Le 27 février 2025, Abdullah Öcalan, fondateur du Parti des travailleurs du Kurdistan (PKK) en 1978, a diffusé une lettre appelant à la dissolution du PKK et au dépôt des armes, semble-t-il à la suite d’un accord avec le pouvoir turc en discussion depuis plusieurs mois. Ce communiqué, relayé par les médias internationaux, a immédiatement été qualifié d’historique en Turquie. Il marque un changement radical dans l’histoire de la lutte pour les droits des Kurdes en Turquie de la part du leader historique du PKK, emprisonné depuis 1999 sur l’île d’Imrali. Le PKK figure sur la liste des organisations terroristes désignées par l’Union européenne.

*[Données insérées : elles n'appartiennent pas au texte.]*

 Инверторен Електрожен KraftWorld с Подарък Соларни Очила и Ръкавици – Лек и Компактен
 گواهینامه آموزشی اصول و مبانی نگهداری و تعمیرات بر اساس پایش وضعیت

Un message appelant à la fin de la lutte armée
Dans son message, Öcalan appelle à une conférence destinée à officialiser la dissolution du PKK et à encourager les groupes armés à déposer les armes.
« J’assume cette responsabilité historique. Organisez une conférence et prenez cette décision. Tous les groupes doivent déposer les armes et le PKK doit se dissoudre. »

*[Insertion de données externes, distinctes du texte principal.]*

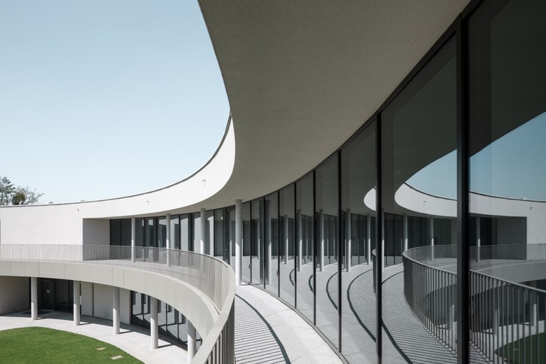 The circular volume encloses an inner patio where residents and visitors can find shelter from the sea breeze. The ground floor is openly accessible and transparent. A path cuts across the building. The public square and the common areas on the ground floor – like the cafeteria, the wellness area, and the fitness facilities – emphasize the social experience of going on vacation.
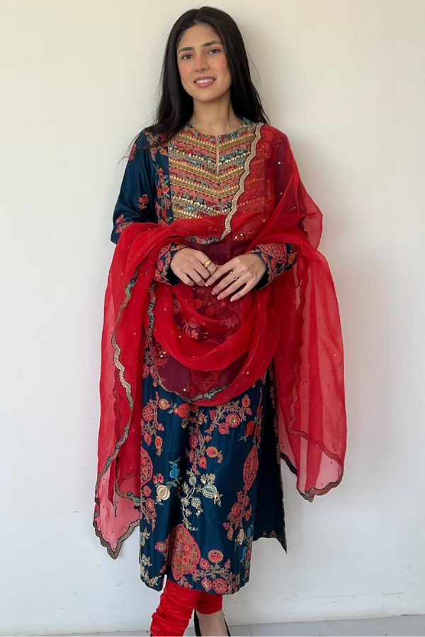 Description: A rich navy kurta set adorned with intricate multicolour thread and zari embroidery, paired with a vibrant red dupatta featuring delicate embellishments. The bottoms are not available. Elegant, festive, and timeless—perfect for traditional functions, family celebrations, or intimate festivities.
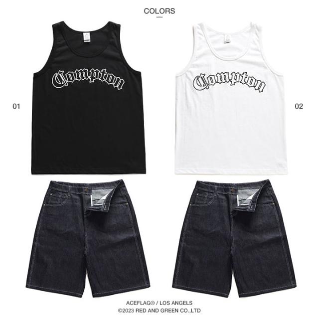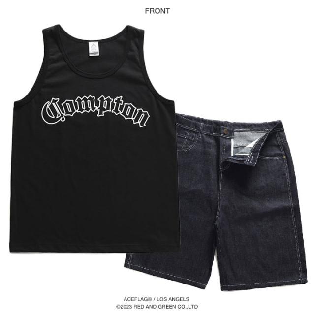 ACE FLAG 上下セット ノースリーブ Tシャツ デニム ハーフパンツ メンズ 黒/白 大きいサイズ エースフラッグ セットアップ Compton コンプトン ビッグシルエット b系 ヒップホップ ダンス ストリート系 AF-SE-TK-021

Le message a été transmis par des représentants du Parti de l’égalité et de la démocratie du peuple (Dem, parti pro-kurde) et lu en kurde et en turc lors d’une conférence de presse à Istanbul.

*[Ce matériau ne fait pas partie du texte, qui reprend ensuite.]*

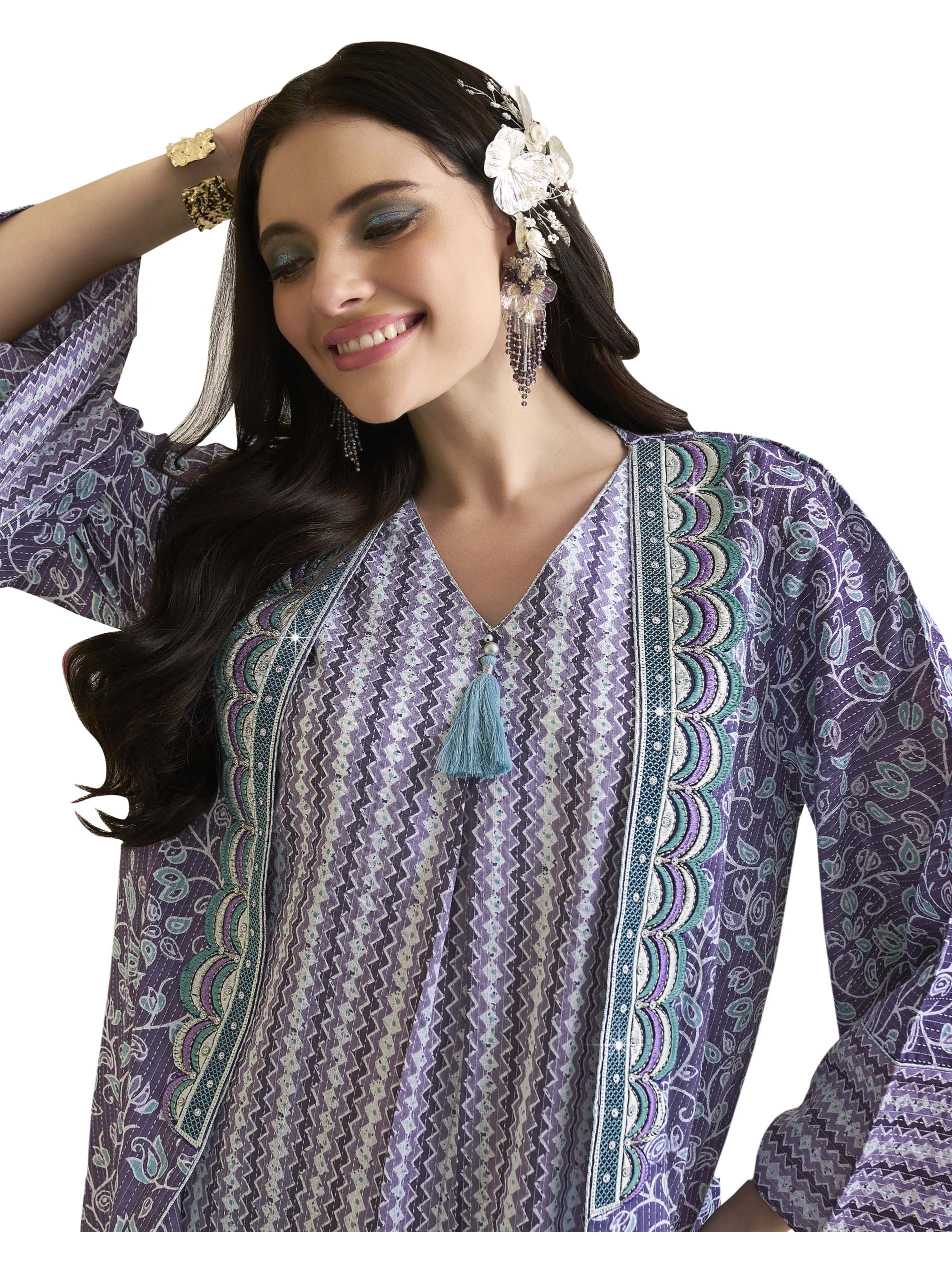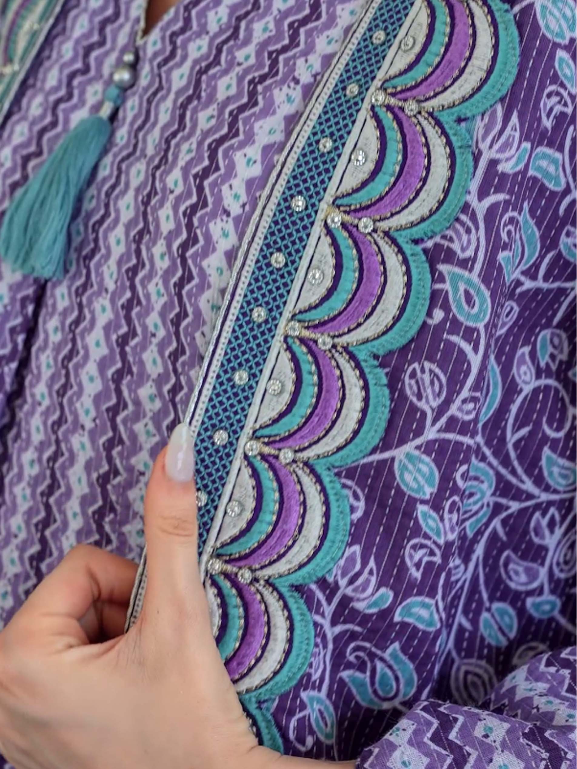 اذا كنتي من محبي اللون الأزرق، فهذه الجلابية تعتبر الاختيار الأمثل لك، فهي مصممة من القطن بنقوشات فريدة من نوعها ، ويضفي عليها اللون الأبيض لاطلالة رائعة في الحفلات والمناسبات.
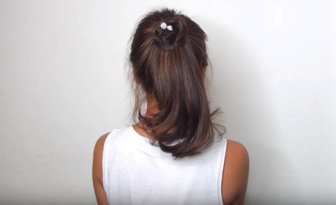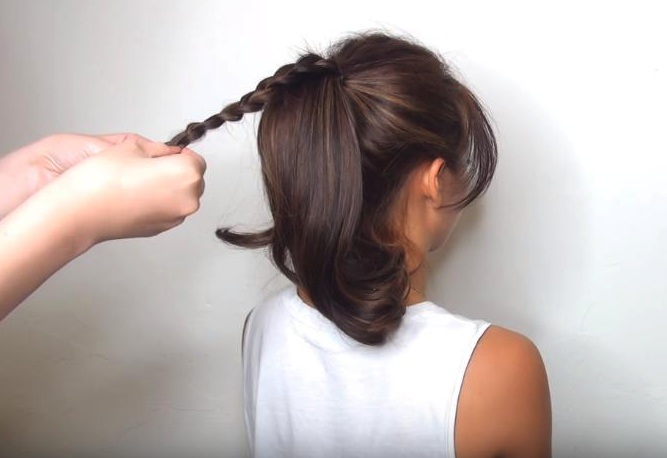 先紮一條馬尾,再抽出其中小部份頭髮紮一條幼幼嘅鬢辮。

Si Öcalan avait déjà appelé à un cessez-le-feu en 2013, et si le PKK est sorti affaibli de sa dernière tentative d’insurrection armée de 2015 (violemment réprimée), l’appel du 28 février marque une rupture majeure : il insiste pour la première fois sur la dissolution totale du PKK, une option qui n’avait jamais été évoquée dans ses déclarations antérieures.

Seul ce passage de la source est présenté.